The problem: Each line of the records is to be returned verbatim, with the images omitted.

Data to process:
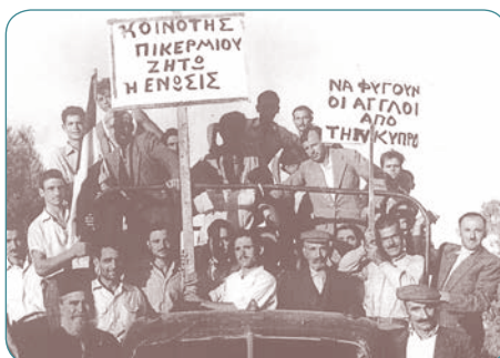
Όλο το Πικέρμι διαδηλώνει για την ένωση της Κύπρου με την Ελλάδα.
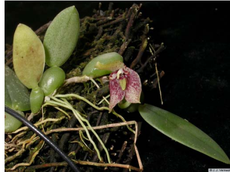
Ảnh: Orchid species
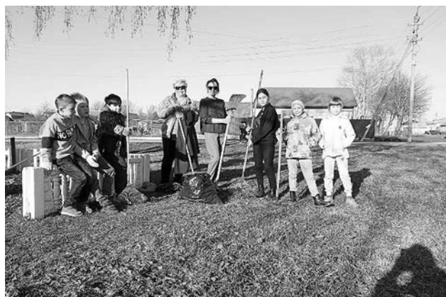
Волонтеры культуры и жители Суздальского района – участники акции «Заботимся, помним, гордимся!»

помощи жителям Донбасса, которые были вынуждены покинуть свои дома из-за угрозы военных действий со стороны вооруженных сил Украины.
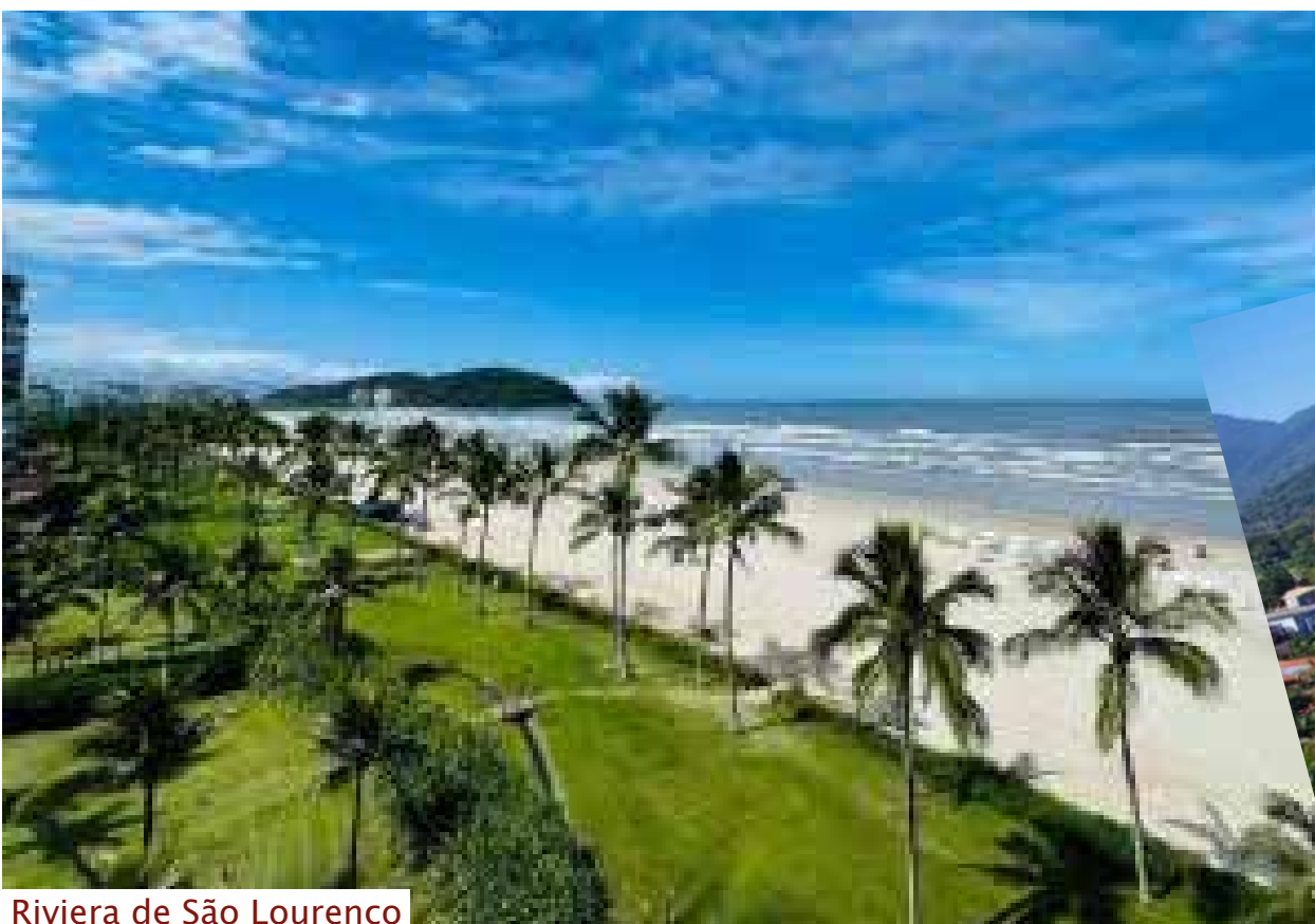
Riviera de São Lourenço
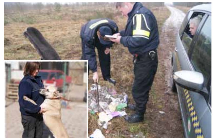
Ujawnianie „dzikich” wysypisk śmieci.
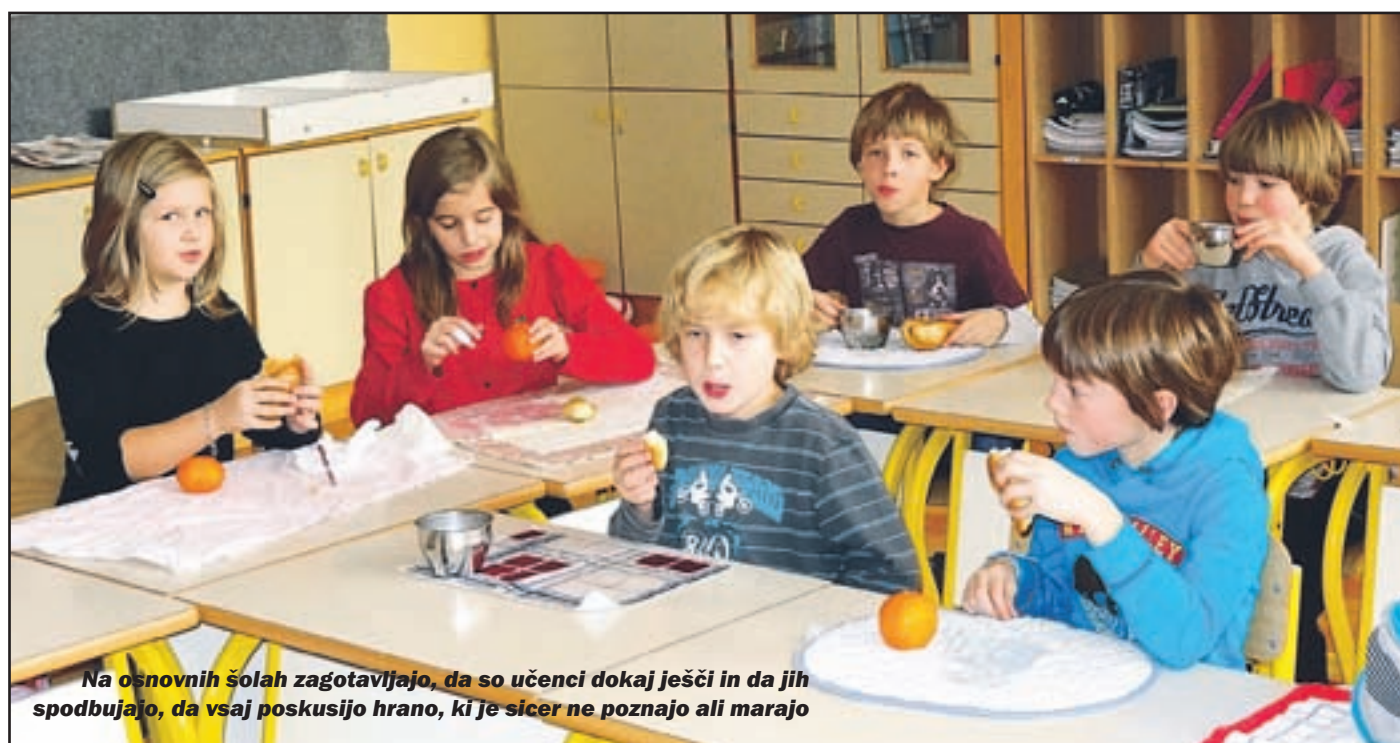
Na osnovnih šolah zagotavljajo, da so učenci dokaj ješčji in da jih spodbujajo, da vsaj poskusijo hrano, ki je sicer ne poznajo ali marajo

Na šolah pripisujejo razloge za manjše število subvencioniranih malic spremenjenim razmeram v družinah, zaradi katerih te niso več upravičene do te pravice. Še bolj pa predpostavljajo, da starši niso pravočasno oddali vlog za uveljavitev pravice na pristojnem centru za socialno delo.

Result for this task:
Όλο το Πικέρμι διαδηλώνει για την ένωση της Κύπρου με την Ελλάδα.
Ảnh: Orchid species
Волонтеры культуры и жители Суздальского района – участники акции «Заботимся, помним, гордимся!»

помощи жителям Донбасса, которые были вынуждены покинуть свои дома из-за угрозы военных действий со стороны вооруженных сил Украины.
Riviera de São Lourenço
Ujawnianie „dzikich” wysypisk śmieci.
Na osnovnih šolah zagotavljajo, da so učenci dokaj ješčji in da jih spodbujajo, da vsaj poskusijo hrano, ki je sicer ne poznajo ali marajo

Na šolah pripisujejo razloge za manjše število subvencioniranih malic spremenjenim razmeram v družinah, zaradi katerih te niso več upravičene do te pravice. Še bolj pa predpostavljajo, da starši niso pravočasno oddali vlog za uveljavitev pravice na pristojnem centru za socialno delo.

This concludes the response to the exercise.